Planning is dead. Long live brand planning.

The discipline must fundamentally change to continue to be essential, says Hill Holliday's chief strategy officer.

Heralded as the best thing to happen to the U.S. advertising industry just over 20 years ago, what do now we call this thing we used to call account planning? Strategic planning? Brand strategy? Creative strategy? And how can it stay relevant in our ever-changing industry? 

While the question of the department name has been asked at each agency I’ve been at over the last two decades, the answer has always differed slightly, depending on the agency’s areas of focus and expertise.

Titles may differ, but what always remains true is that the discipline must fundamentally change to continue to be essential for the success of any agency business. Planning has never been more critical, as our industry continues to become more and more fragmented, aggressive and competitive, as media essentially becomes the newest definition of "creative." If you were at Cannes this year, you know exactly what I am talking about. 
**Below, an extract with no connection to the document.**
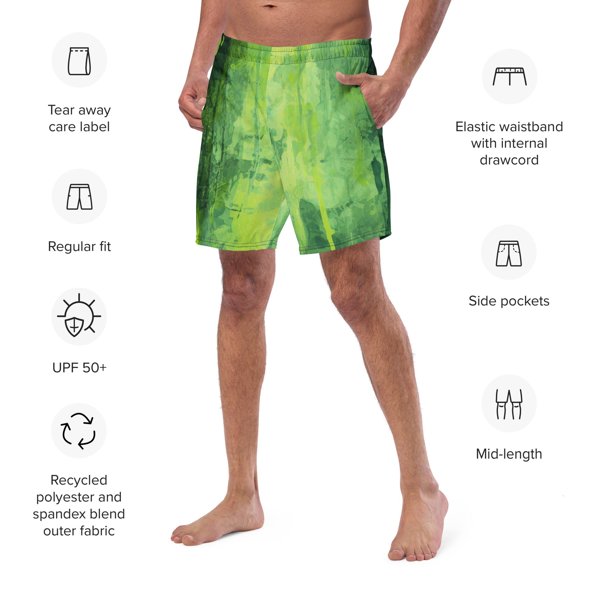 Green screen men's swim trunks
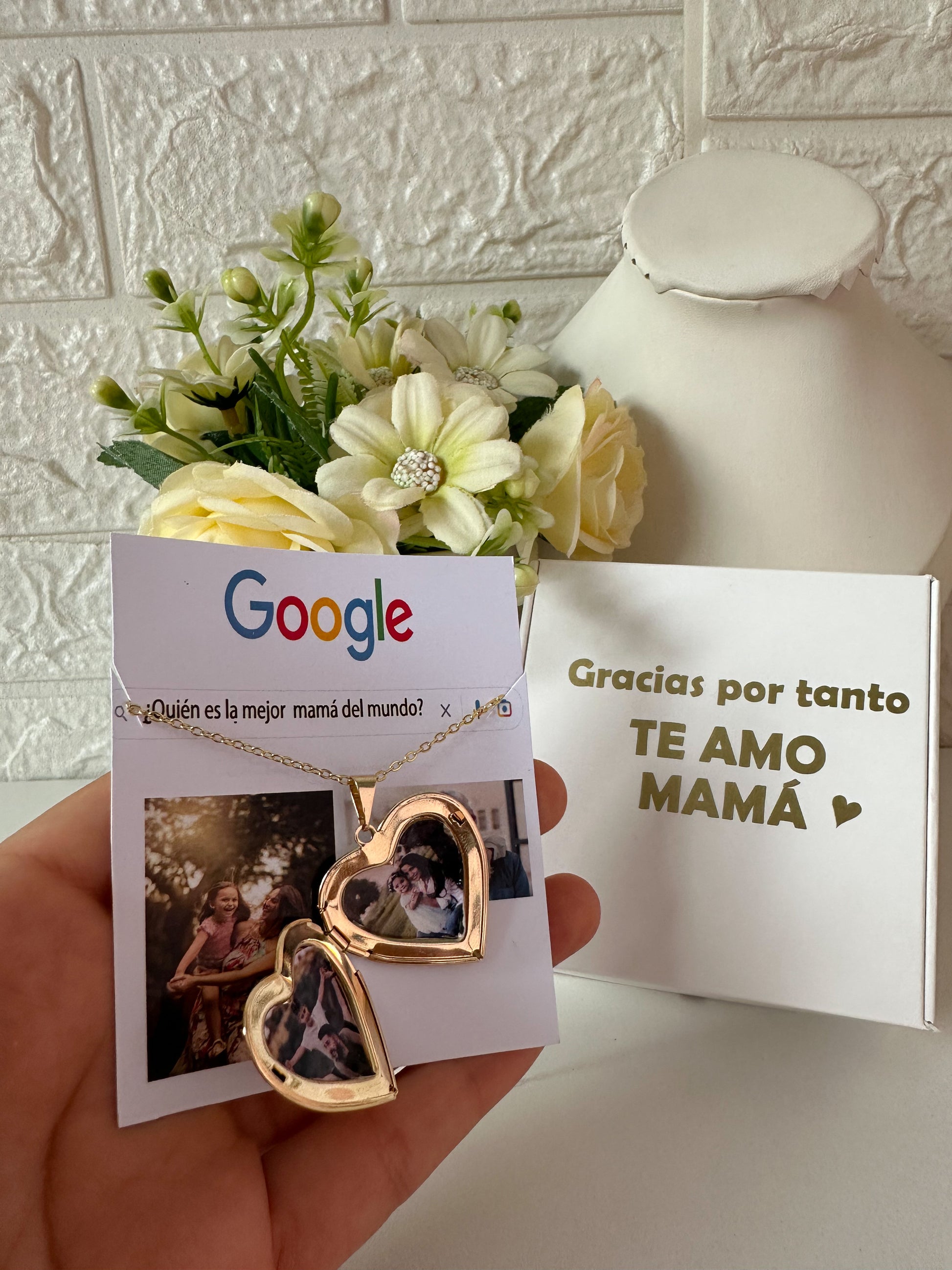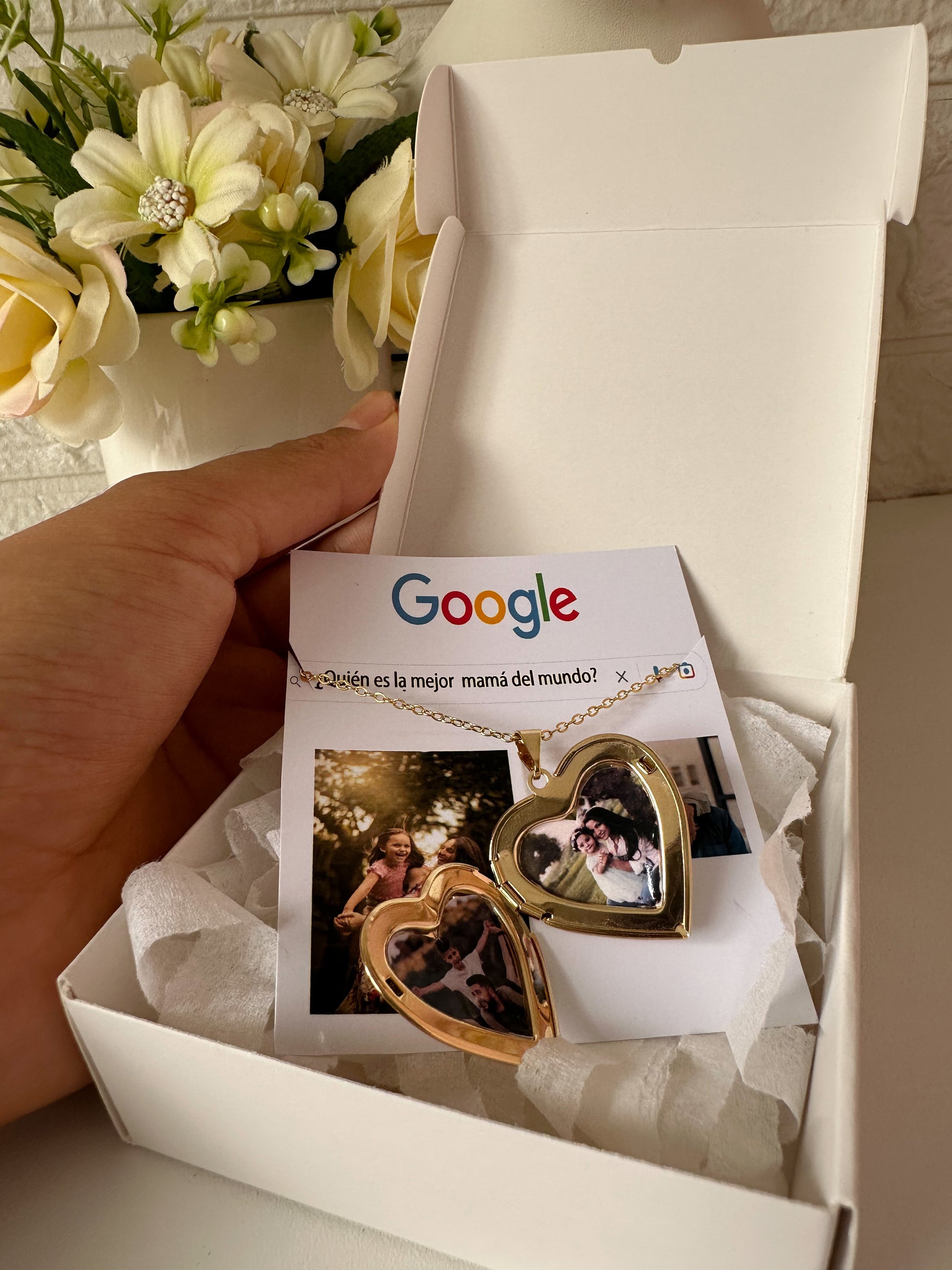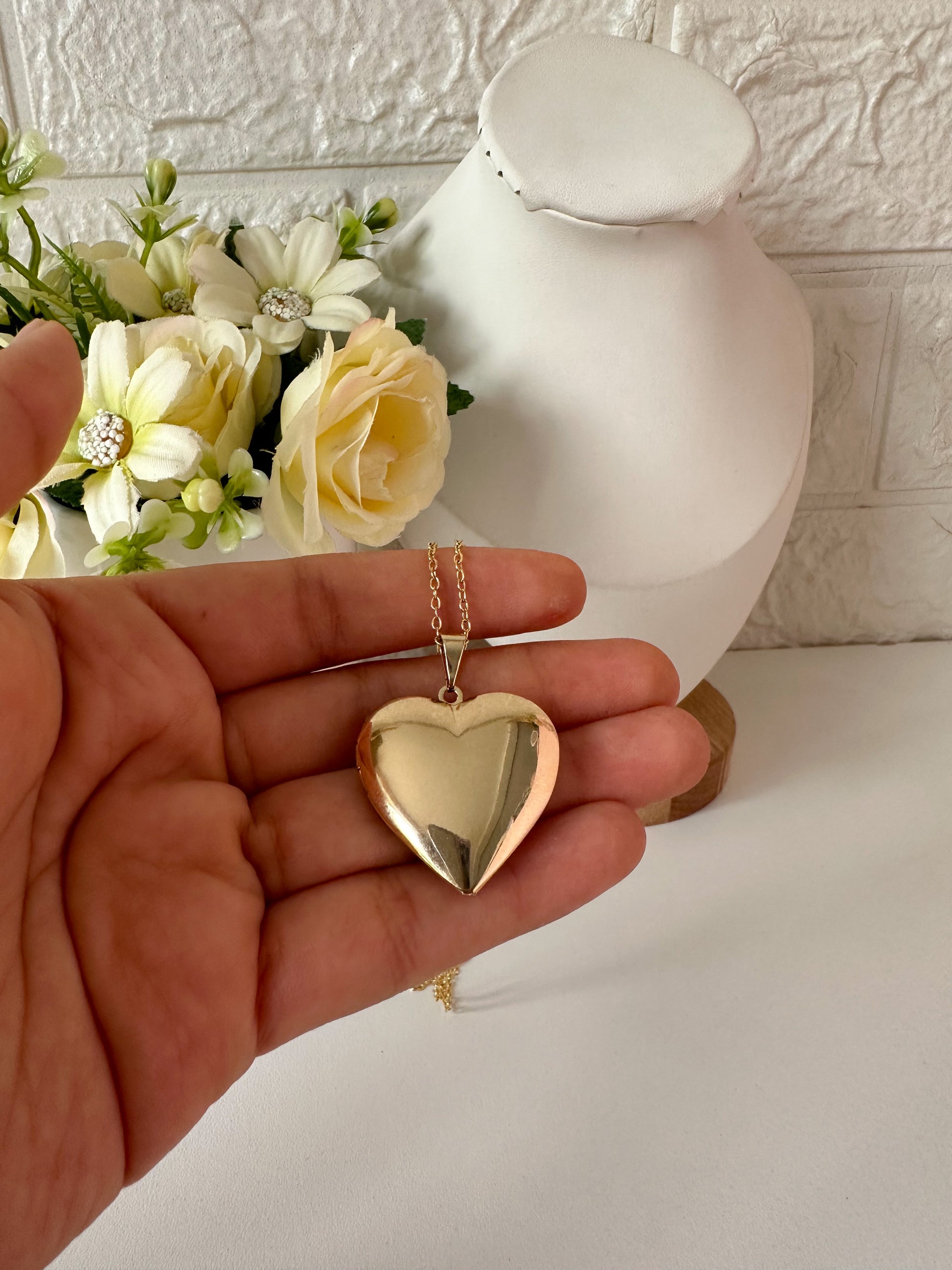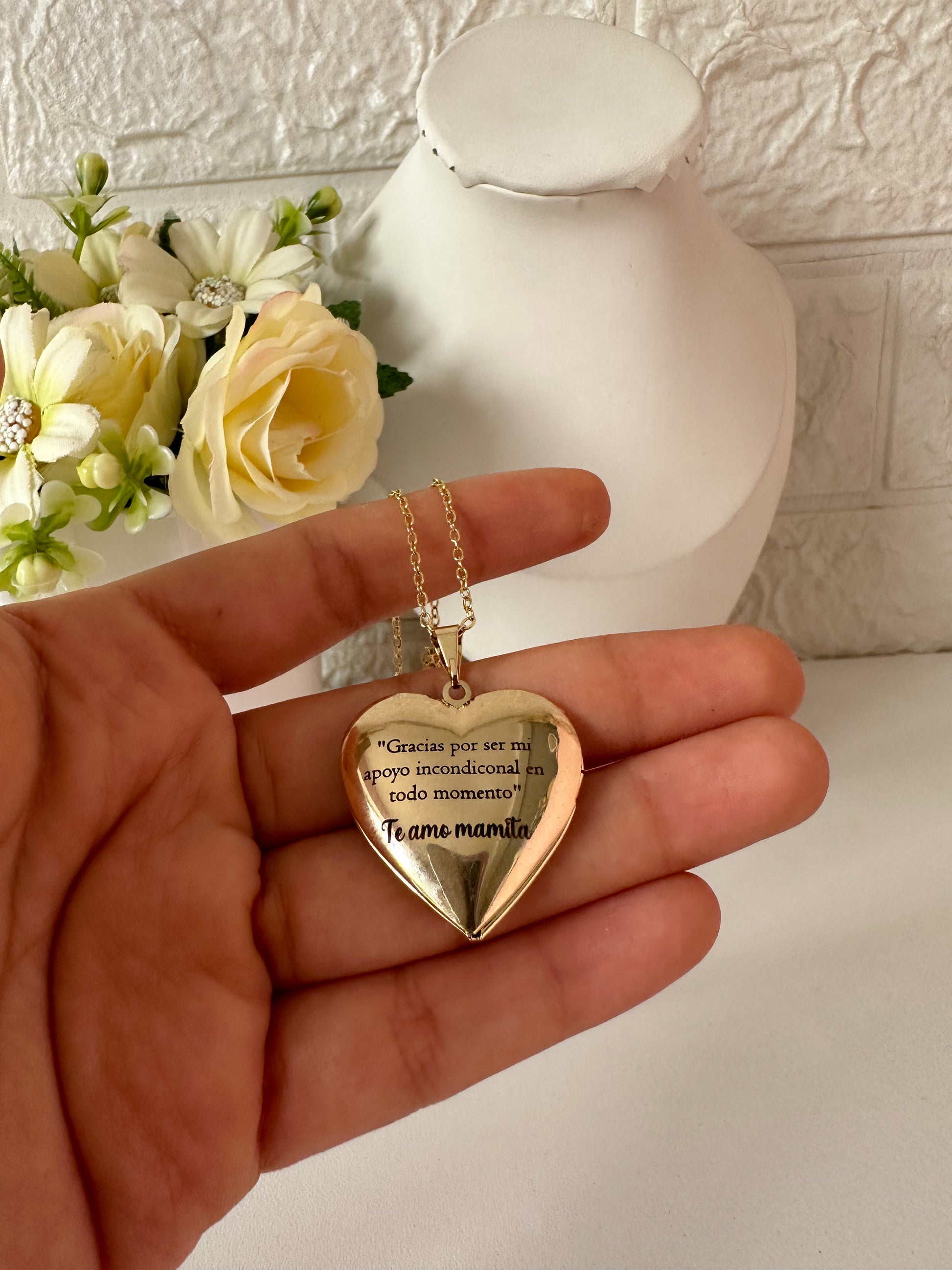 Relicario dorado llano, lo puedes pedir con la dedicatoria pequeña que gustes, nombres o fechas, incluye las dos fotitos personalizadas a tu elección 💕

Years ago, we used to do a bit of research, write a brief, brief creative and hopefully inspire them, wait for creative, and when the idea was approved we exited that assignment and started the process over again on something new. Back then, planning played a much more ethereal role. But today, the single most common reason I have ever had to remove any planner from a client’s business or worse, from the agency itself, is because of their failure to "land the plane." Today, planners not only need to land the plane, but also need to ensure that it successfully gets to its gate and flawlessly offloads its passengers. 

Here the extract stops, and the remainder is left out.